Every line below from the one with "此次招聘会,我院吸引了广州全" through the one with "เพื่อป้องกันมิให้เทพเจ้าพิโรธ และทำลายโลกของพวกเขาลงไป ดังนั้น" should be retyped exactly, both ends included; no other lines and no pictures.

─── Information

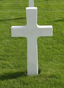 Pfc Guy V. Johnston enlisted in Camp Dodge Herrold, Iowa on 15 June 1943. He classified to be a teacher at the Armored School at Fort Knox, Kentucky on 25 April 1944.His mother, Gladys Johnston married Edward A. Knight on 20 May 1926 and Guy was named after his stepfather until his mother divorced him. In 1930 Guy, his mother and brother Merle lived with their grandmother, Amanda Ella (Moore) Johnston in Madison, Iowa. His mother remarried with Franklin Andrews but was divorced in 1940. All the children were named Andrews but at the time of his enlistment, Guy's last names was changed in Johnston.
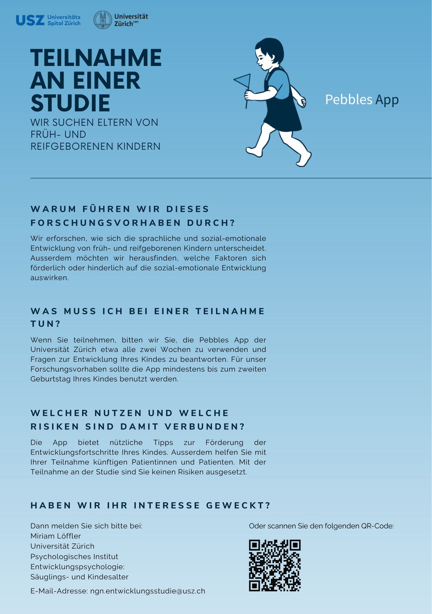 Die Studie untersucht, wie eine Frühgeburt die sozial-emotionale und sprachliche Entwicklung von Kindern beeinflusst. Ein besonderer Fokus liegt dabei auf Faktoren, die mit dem Temperament von Früh- und Reifgeborenen zusammenhängen. Mit der Pebbles App können Sie die Entwicklung Ihres Kindes in Form eines Tagebuchs dokumentieren und erhalten wertvolle Einblicke in wichtige Entwicklungsschritte Ihres Kindes. Wenn Sie teilnehmen möchten, kontaktieren Sie uns unter ngn.entwicklungsstudie@usz.ch.
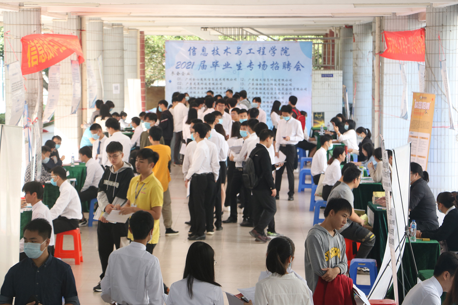 此次招聘会,我院吸引了广州全心通服信息技术有限公司、广东龙泉科技有限公司、广州阿尔法网络技术有限公司等21家企业参与。信息技术与工程学院应届毕业生身着正装,手持精心准备的简历,信心满满穿梭在各个展位之间,将自己最好的一面展示出来。直到下午一点多,所有同学面试结束,招聘会圆满结束。此次招聘会的成功举办,不仅让我院学子得到充分表现自我的机会,而且让他们增长了自身的见识,在以后的学习与工作中有目的培养自己的能力,不断完善自我。广州商学院副校长贾超在招聘上表示,由于疫情缘故,学生工作就业压力大,此次活动给了我院学子就业选择机会,也希望我院学子能够抓住机会,找到一份适合自己的工作,从而实现人生价值。
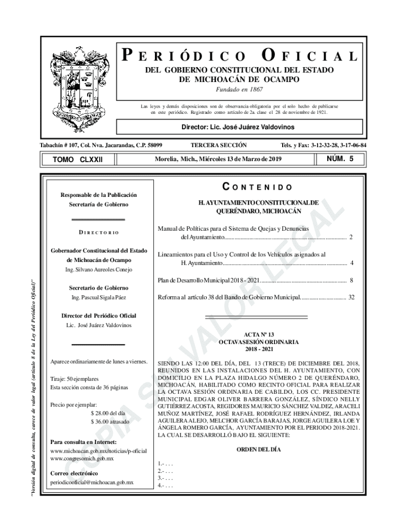 PE R I D I C OF I C I A DEL GOVERNOR CONSTITUTIONAL DEL ESTATE DE MICHOACÁN DE OCAMPO Fun dado en 1867 Las eyes yd ems dispositions son de observance obligatory POR El solo echo de publicans en ester
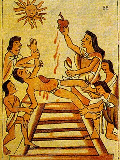 ชาวแอสเท็กซ์ก็ไม่แพ้กันครับ พวกเขามีตำนานความเชื่อว่ามนุษย์เป็นหนี้โลหิตของพระเจ้าที่ทรงสละชีพเพื่อสร้างโลกขึ้นมา ทำให้ชาวแอสเท็กซ์ต้องทำการบูชายัญมนุษย์ เพื่อป้องกันมิให้เทพเจ้าพิโรธ และทำลายโลกของพวกเขาลงไป ดังนั้น จากภาพพิธีกรรมของชาวแอสเท็กซ์ที่หลงเหลือมาให้พวกเราได้พบเห็น จึงเต็มไปด้วยความโหดร้ายของการบูชายัญ เช่น การควักหัวใจของเหยื่อเพื่อบูชาเทพเจ้า นับว่าสยดสยองเป็นอย่างยิ่ง
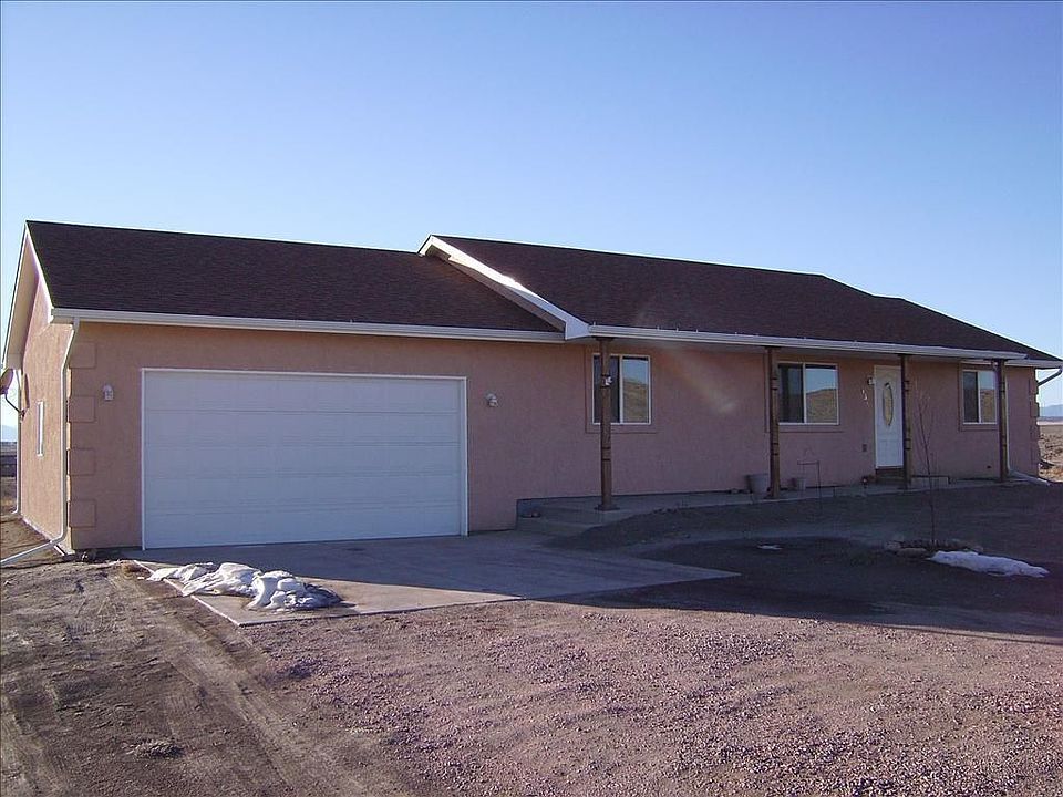 Great home with easy access to I-25. Wonderful mountain views from the Spanish Peaks to Pikes Peak. Large 1.38 acre lot sloping away from the house for good drainage, and to preserve your views forever. Mostly finished basement has two rooms as bedrooms, full egress windows, but without closets. Large unfinished storage area. New carpet just installed in basement family room and bedrooms. Radon mitigation system just installed. Three full baths and master bath does have a double sink. Vaulted ceiling in large living room. Spacious tiled mudroom includes laundry area and has space for a freezer. Huge garage is 28 x 22 (616 sq.ft.) and has tall 8 ft. door. Fruit trees in front, new gravel in drive, deck behind the house. Split master bedroom with two closets (one a walk-in).
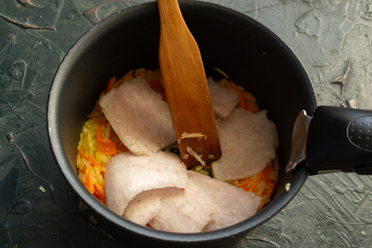 Рыбный фарш нарезаем тонкими пластинками, добавляем к овощам. В этом рецепте можно использовать замороженный фарш, его довольно просто нарезать широким острым ножом, даже если фарш мерзлый. Если такой способ для вас сложен, то нужно заранее достать замороженный фарш из морозильной камеры и оставить в холодильном отделении на несколько часов.
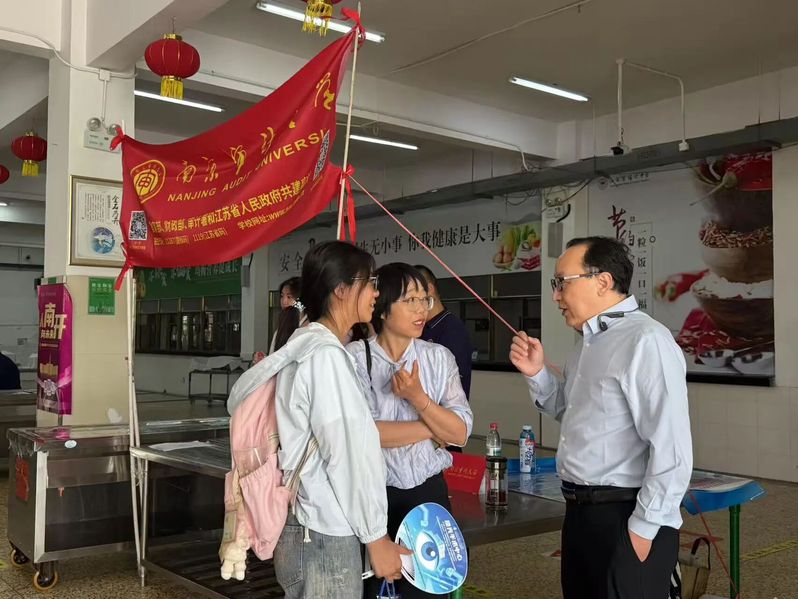 6月25日上午,陈冬华带领招生组老师赴宿迁中学开展招生宣传活动,与员工、家长亲切交流,全面介绍南审的招生政策、录取情况、生涯规划以及特色专业建设成果,作招生咨询相关问题解答。
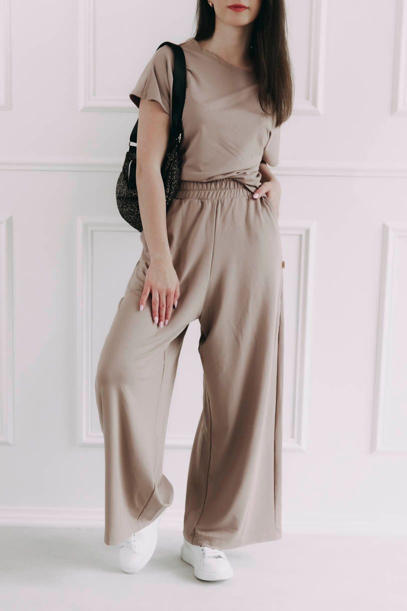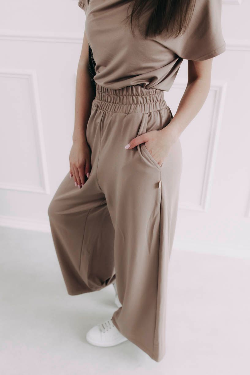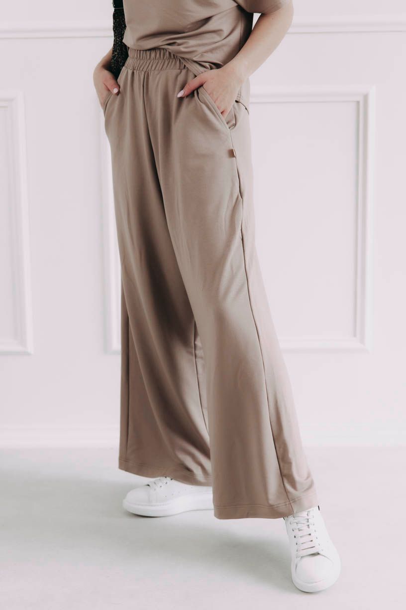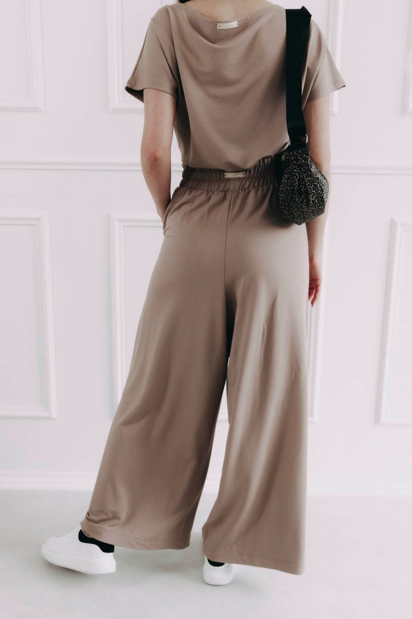 Široké nohavice Meema ako letný rytmus – voľný, plynulý, skrátka taký, ktorý vás nechá byť presne takú, aká chcete byť. Uvoľnené a splývavé nohavice z modalu s lycrou sa pohybujú s vami a prispôsobia sa vašej postave. Vysoký pás so širokou gumou vám dodá komfort, dve bočné vrecká zase potrebnú dávku praktickosti.
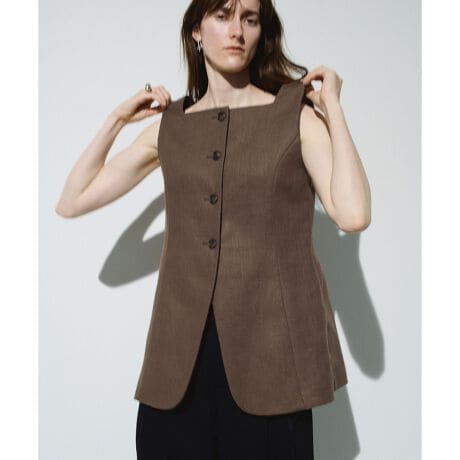 ジレのような前開きのデザインでありながら、ノースリーブのトップス感覚で着用できるデザイントップス。
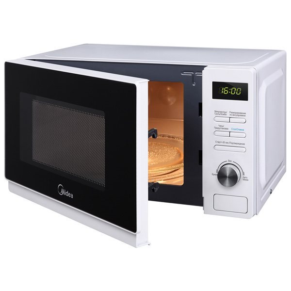 Микроволновая печь Midea AG720C4E-W объем 20 л мощность 700 Вт гриль внутреннее покрытие камеры: эмаль кнопочные, поворотные тактовые переключатели дисплей защита от детейМикроволновая печь Midea AG 720C4E-W
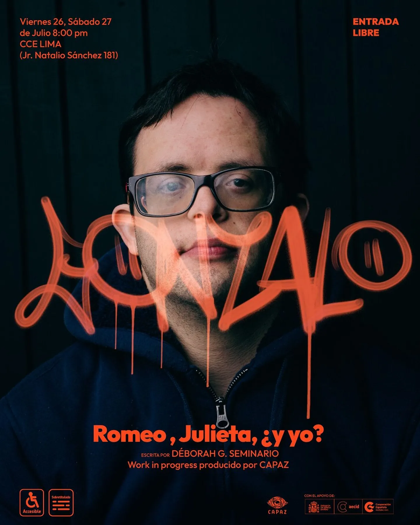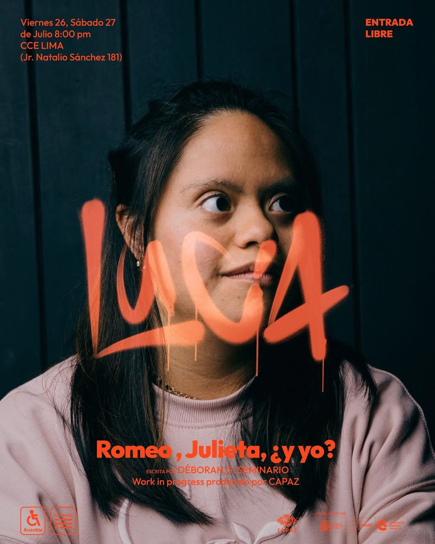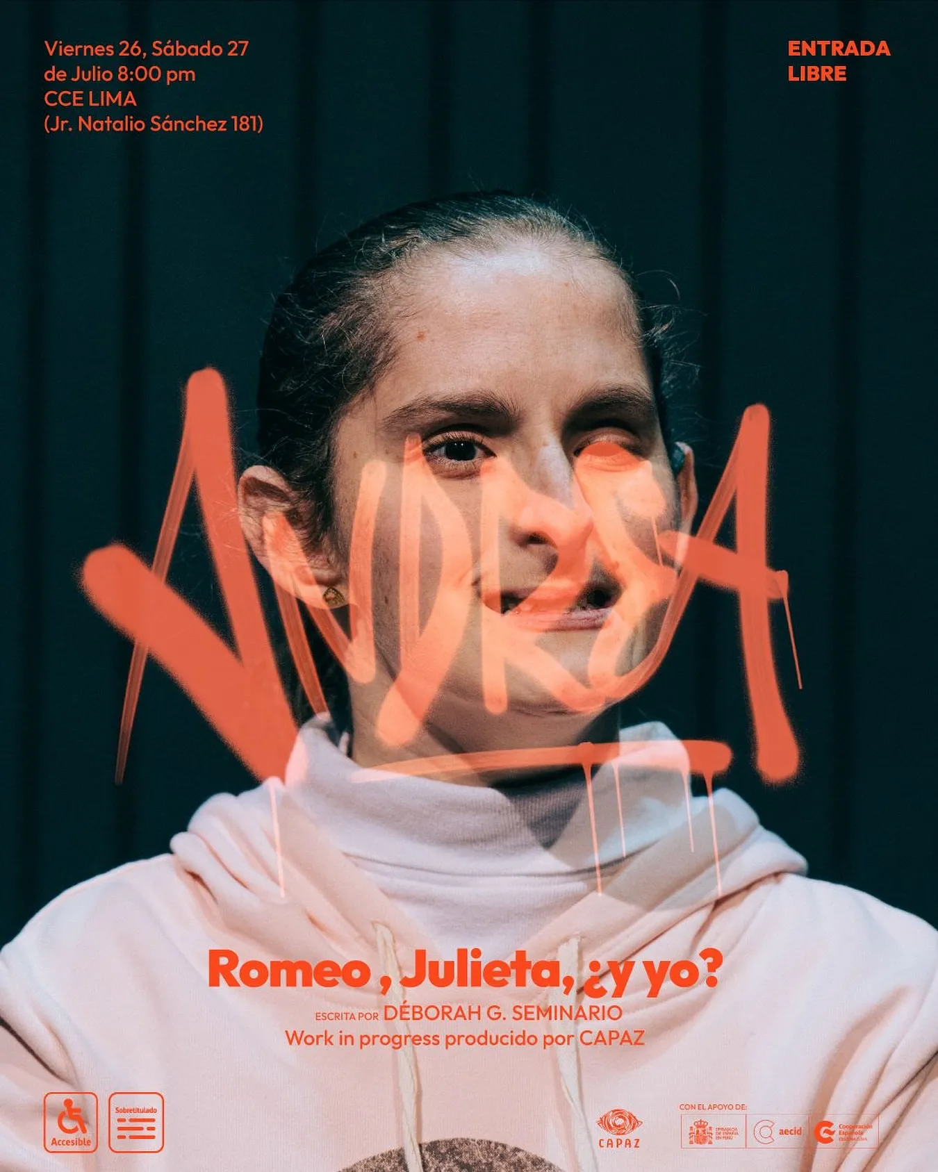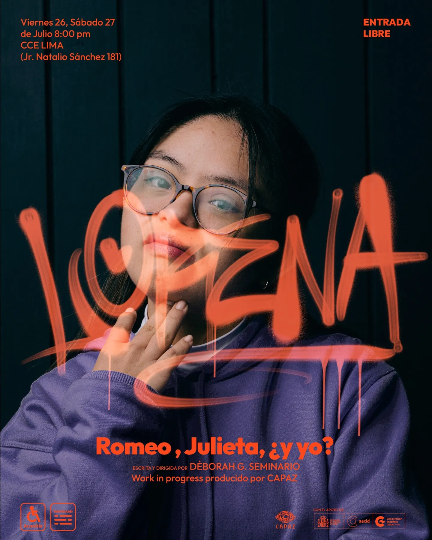 Inspirada en la clásica historia de Shakespeare, Romeo, Julieta, ¿y yo? es una creación colectiva que reinterpreta el amor, el deseo y la amistad desde la experiencia de un grupo de jóvenes con síndrome de Down en diálogo con artistas escénicos sin discapacidad. La obra traslada la historia de Verona a Lima, una ciudad contemporánea, caótica y diversa, donde lxs protagonistas comparten sus búsquedas personales, afectivas y sexuales con humor, ternura y autenticidad.

──────

## Completed task
 此次招聘会,我院吸引了广州全心通服信息技术有限公司、广东龙泉科技有限公司、广州阿尔法网络技术有限公司等21家企业参与。信息技术与工程学院应届毕业生身着正装,手持精心准备的简历,信心满满穿梭在各个展位之间,将自己最好的一面展示出来。直到下午一点多,所有同学面试结束,招聘会圆满结束。此次招聘会的成功举办,不仅让我院学子得到充分表现自我的机会,而且让他们增长了自身的见识,在以后的学习与工作中有目的培养自己的能力,不断完善自我。广州商学院副校长贾超在招聘上表示,由于疫情缘故,学生工作就业压力大,此次活动给了我院学子就业选择机会,也希望我院学子能够抓住机会,找到一份适合自己的工作,从而实现人生价值。
 PE R I D I C OF I C I A DEL GOVERNOR CONSTITUTIONAL DEL ESTATE DE MICHOACÁN DE OCAMPO Fun dado en 1867 Las eyes yd ems dispositions son de observance obligatory POR El solo echo de publicans en ester
 ชาวแอสเท็กซ์ก็ไม่แพ้กันครับ พวกเขามีตำนานความเชื่อว่ามนุษย์เป็นหนี้โลหิตของพระเจ้าที่ทรงสละชีพเพื่อสร้างโลกขึ้นมา ทำให้ชาวแอสเท็กซ์ต้องทำการบูชายัญมนุษย์ เพื่อป้องกันมิให้เทพเจ้าพิโรธ และทำลายโลกของพวกเขาลงไป ดังนั้น จากภาพพิธีกรรมของชาวแอสเท็กซ์ที่หลงเหลือมาให้พวกเราได้พบเห็น จึงเต็มไปด้วยความโหดร้ายของการบูชายัญ เช่น การควักหัวใจของเหยื่อเพื่อบูชาเทพเจ้า นับว่าสยดสยองเป็นอย่างยิ่ง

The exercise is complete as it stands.